With the rise of the recent tensions in the Middle East, in particular the emergence of ISIS in Iraq, China’s role in the region was again brought into focus. On August 8, 2014, in an interview with New York Times columnist Thomas Friedman, Barack Obama claimed that China had been a free rider for thirty years, and that no one expected China to play the role.

Actually this is not a new point of view. Paul Haenle, Director of Carnegie-Tsinghua Center for Global Policy, wrote in the Financial Times on October 8, 2013, that “China’s rise to global leadership means rhetoric and vetoes are no longer enough”. He meant that China should side with the US.

An article “Middle East Oil Fuels Fresh China-U.S. Tensions” in Wall Street Journal two days later claimed that China and other oil-consuming nations have benefited as Washington spent billions of dollars a year to police chokepoints like the Strait of Hormuz and other volatile parts of the Middle East to ensure oil flow around the globe.

Though these arguments have some traction in the international community, they are actually based on series of false assumptions on the roles of China and the US. And China’s image as a “free rider” in the Middle East is a result of fabrication.

This argument is firstly based on the false assumption that the US had been a provider of global security in the last decade, which is questionable in itself. It might be true that the US played a positive role in the Middle East in the 1990s. The US led multinational forces to drive Saddam Hussein from Kuwait back to Iraq; the US tried to make efforts to promote peace process between Israel and Palestine.

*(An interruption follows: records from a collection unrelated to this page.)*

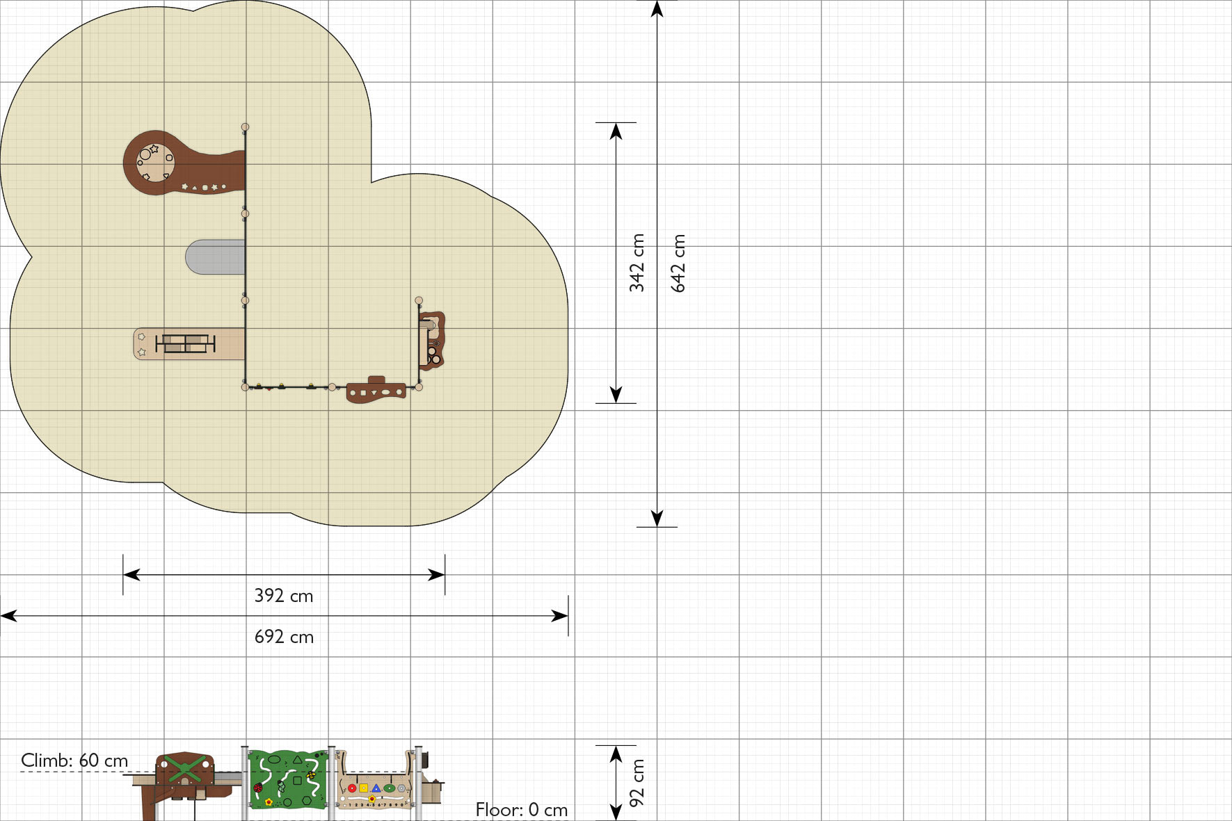 Aktivitetspanel som skapar tydliga lekytor och stimulerar fantasi, roll lek och socialt samspel. Passar särskilt bra i sandlådor och som rumsavdelare på lekplatsen.
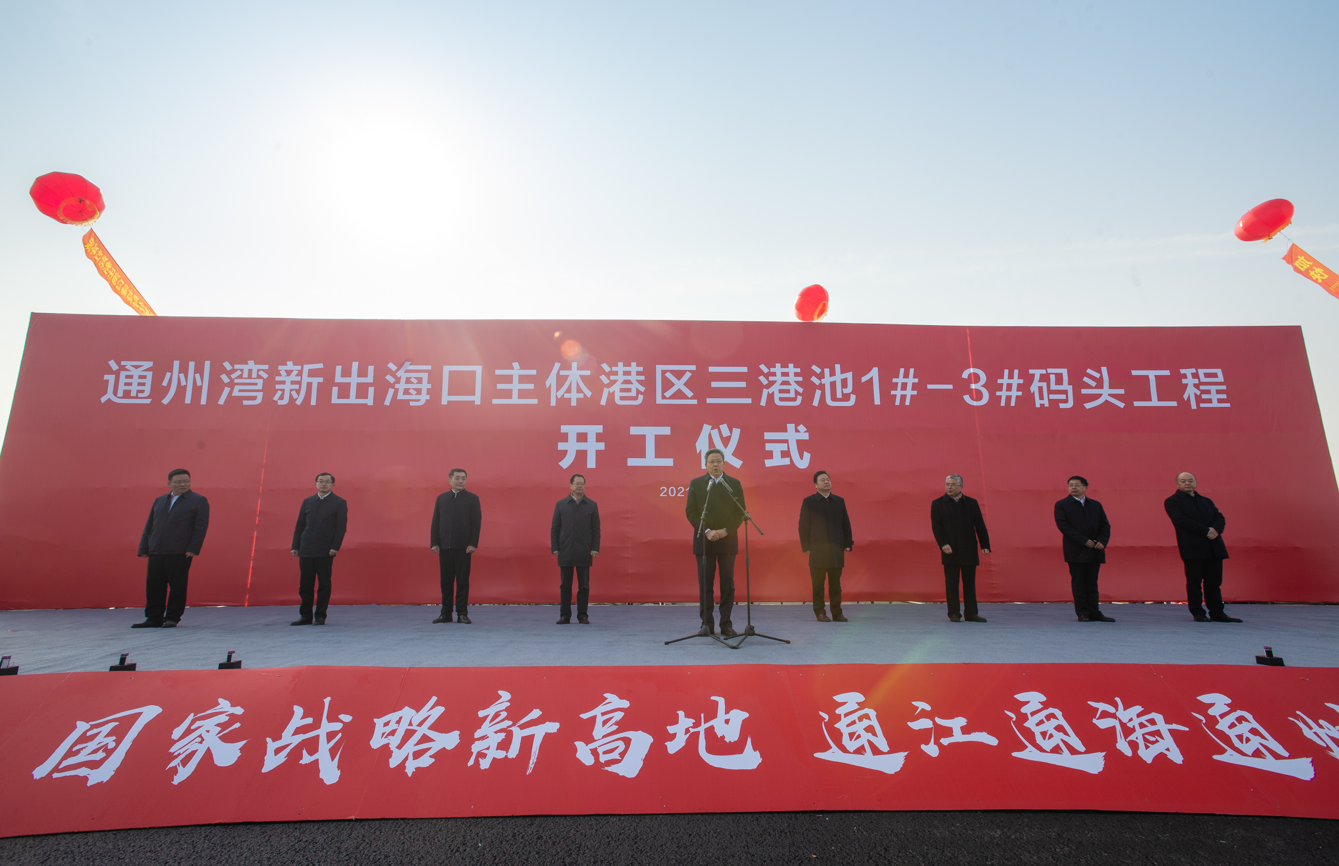 2021年12月30日上午,通州灣新出??谥黧w港區(qū)三港池1#-3#泊位碼頭工程正式開工,標志著通州灣主體港區(qū)正式邁入“深水大港”時代。南通市委副書記、代市長吳新明宣布開工。南通市委常委、常務副市長、通州灣港口開發(fā)建設委員會主任、通州灣示范區(qū)黨工委書記陸衛(wèi)東,南通市人大常委會副主任陳俊,市政協(xié)副主席金元,市政府秘書長凌屹、副秘書長王國平,通州灣示范區(qū)黨工委副書記、管委會主任施宏杰,中交第三航務工程局有限公司董事長王世峰,南通港(港口)集團有限公司黨委書記、董事長朱玉強,黨委副書記、總經理、副董事長劉建出席活動。通州灣港口開發(fā)建設委員會常務副主任施渠平主持開工儀式。
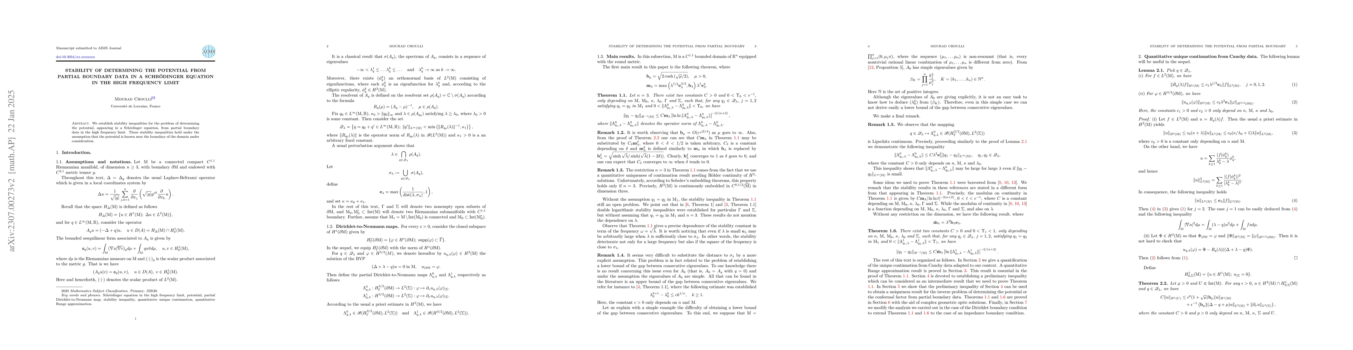 Summary: This paper establishes stability inequalities for determining a Schrödinger equation's potential from partial boundary data in the high frequency limit, assuming the potential is known near the domain's boundary. These inequalities ensure the stability of the potential determination process.
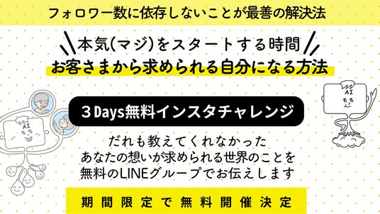 本気(マジ)をスタートする時間。お客様から求められる自分になる「3Days無料インスタチャレンジ」
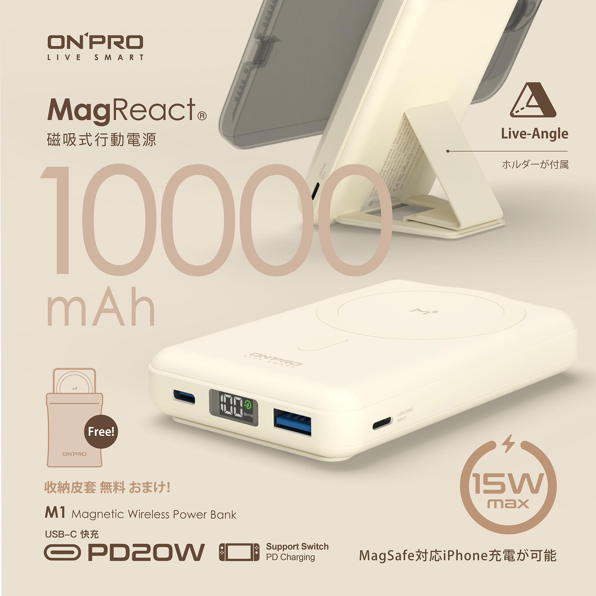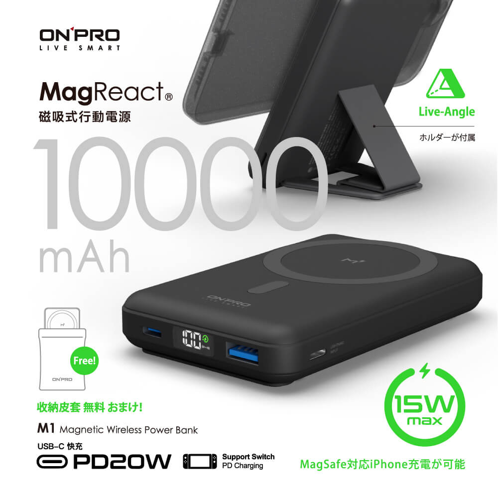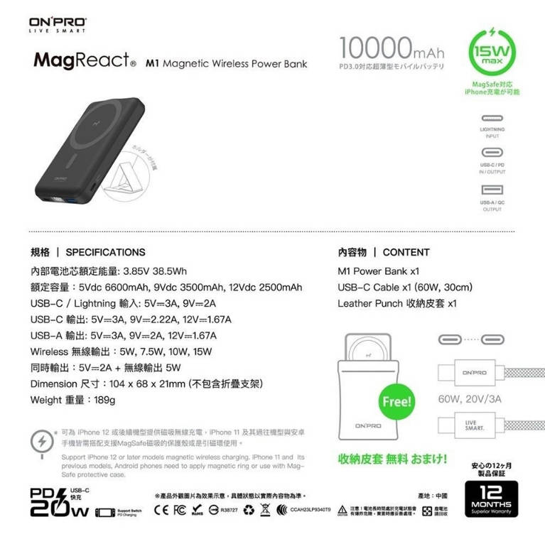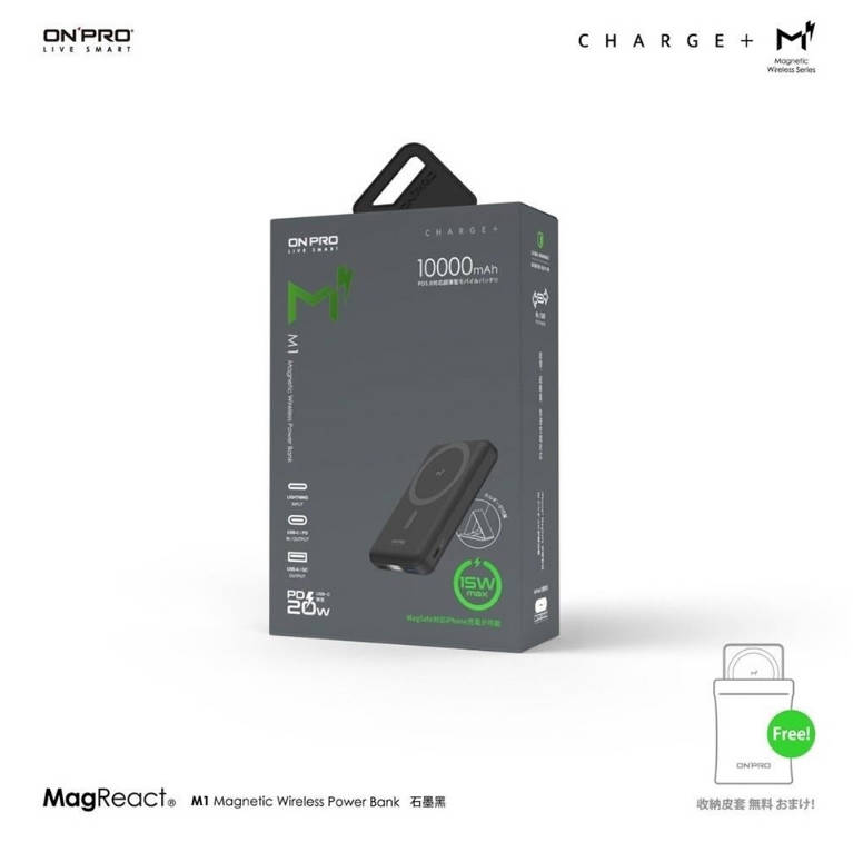 - 包裝內容物:M1 Power Bank x1 / USB-C 快充線 x1 (60W, 30cm) / 收納皮套 x1
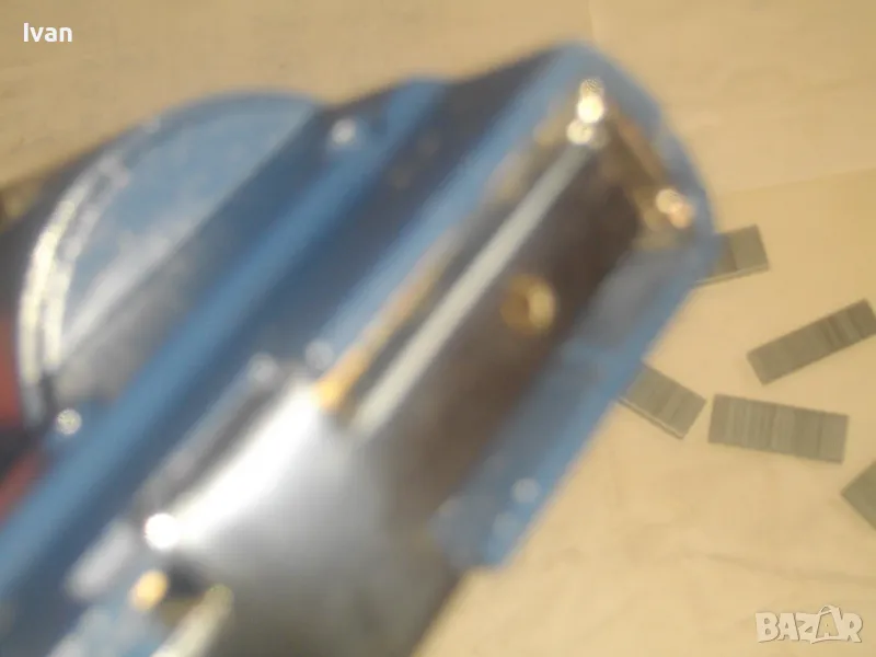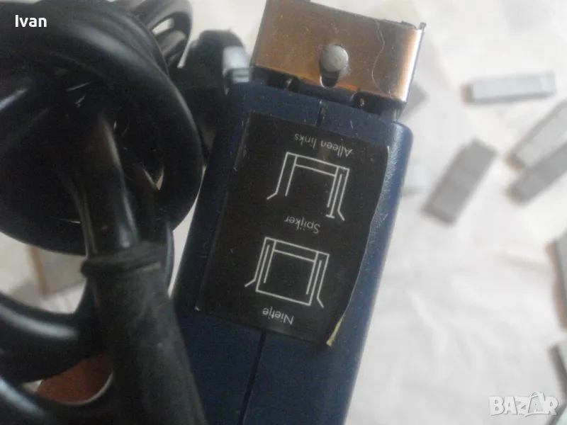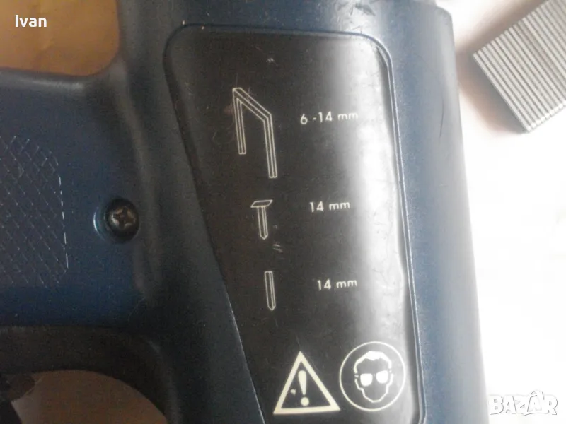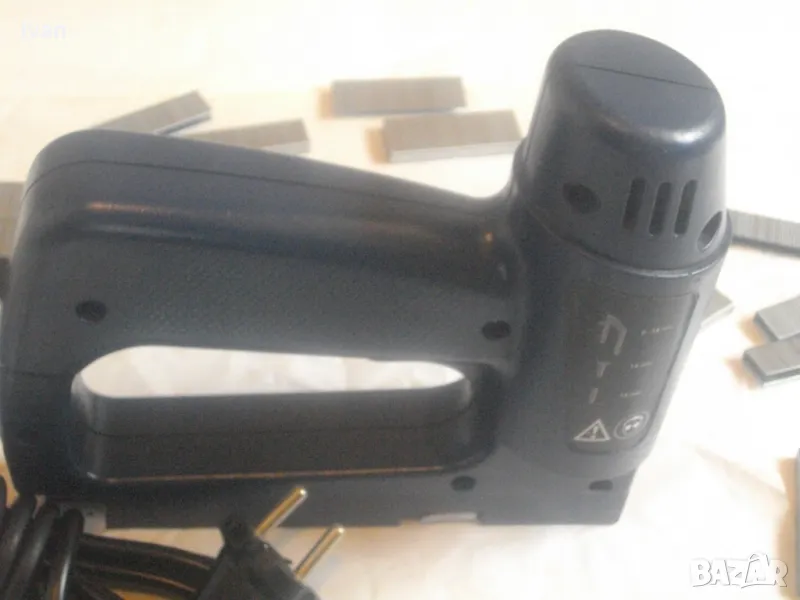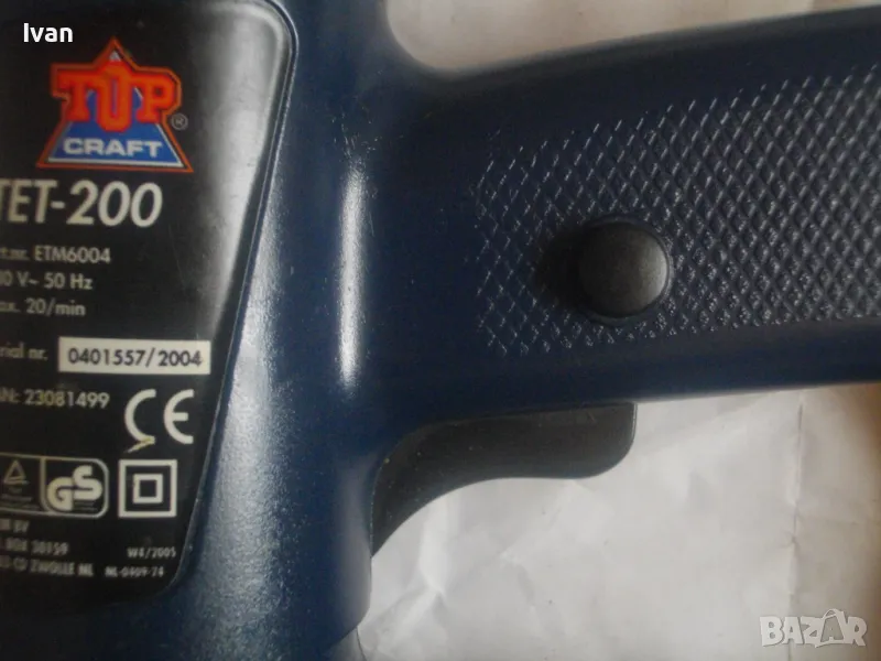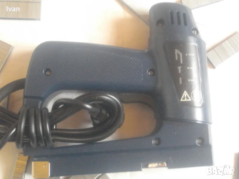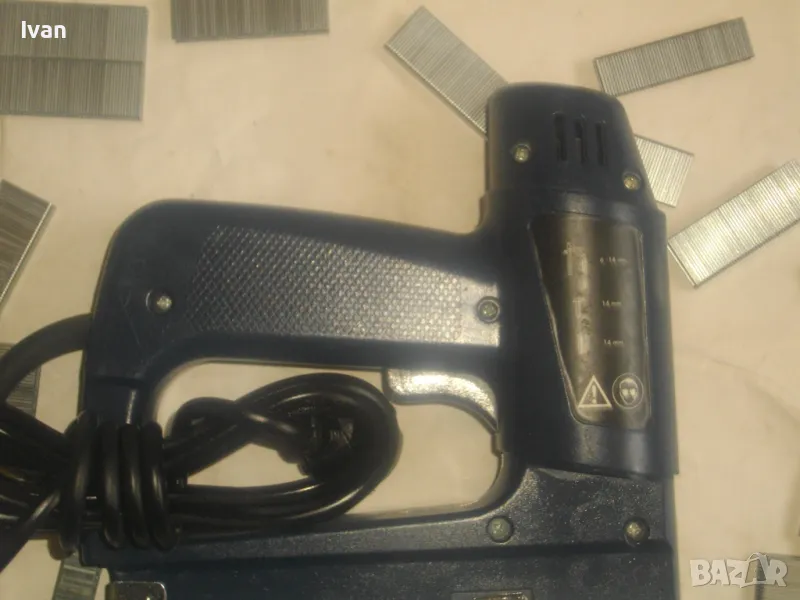 Такер тъмносин електрически TOP CRAFT TET 200. Холандски нидерландски оригинален, вписано на фабричния стикер. Производител маркиран FERM B.V. 2005 г. Комбиниран - за скоби 6-14 мм и пирони 14 мм и игли размер 14 мм. Като нов, много запазен външен вид, без драскотина и в отлично работно състояние. Без забележки. Масивен корпус от твърда пластмаса с релефна, нехлъзгаща се дръжка. Размери 180 х 200 х 50 мм. Автозащита на спусъка. Заредени скоби в пълнитееля за проба и тест. Тегло - 1,0 кг.
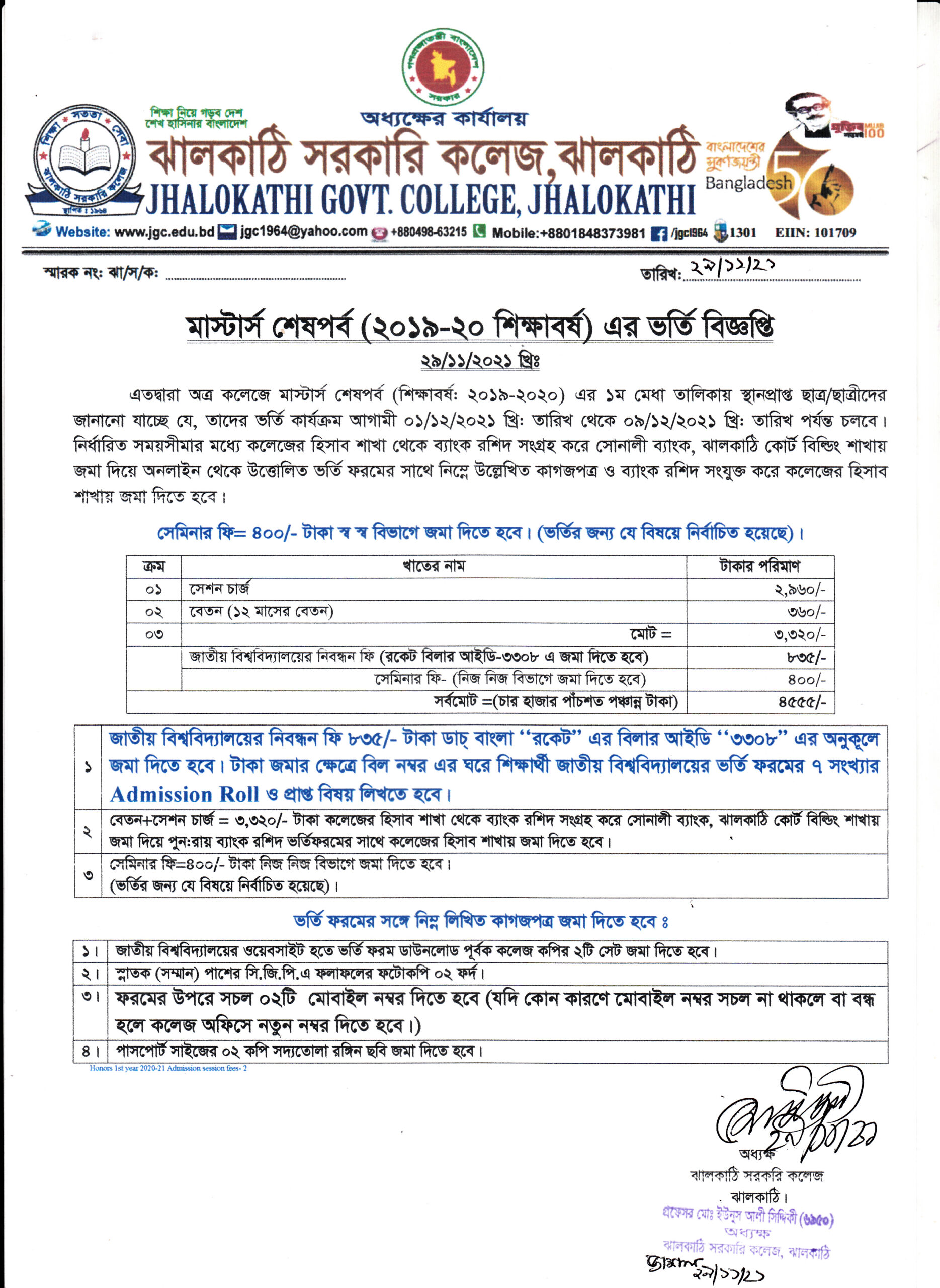 মাস্টার্স শেষপর্ব (২০১৯-২০ শিক্ষাবর্ষ) এর ভর্তি বিজ্ঞপ্তি প্রকাশিতঃ ২৯ নভেম্বর , ২০২১, ৪:৩০ অপরাহ্ন Facebook Twitter Print Facebook Twitter Print

But unfortunately, the US was rather a provider of insecurity in the decade since 2001 when George Bush was in the White House. With the two wars in Afghanistan and Iraq, the US not only destroyed the domestic order of the two countries, but also further undermined regional security and stability, as indicated by the domestic tensions in Iraq and Afghanistan, as well as regional conflicts. The resurgence of the Taliban in Afghanistan and the emergence of ISIL in Iraq are outcomes of the two wars.

Being prudent in the use of military force might prove to be the right lesson that Barack Obama learned from his predecessor. But that does not mean the Obama’s administration should not be responsible for regional turmoil. Shortly after taking office, Obama decided to withdraw forces from Iraq. It is wrong to intervene in Iraq’s internal issues by military means, but it is equally irresponsible to withdraw forces from Iraq when Iraq’s security forces are far from being prepared. How can the US just leave the mess behind? It is the same with Afghanistan.

Though President Obama has sufficiently demonstrated his reluctance in intervening in Syria’s domestic affairs, he is strongly “committed to stand on the right side of history”, which greatly fueled Syria’s domestic tensions. And it is just by taking advantage of Syria’s civil war that ISIS has been able to increase its strengths.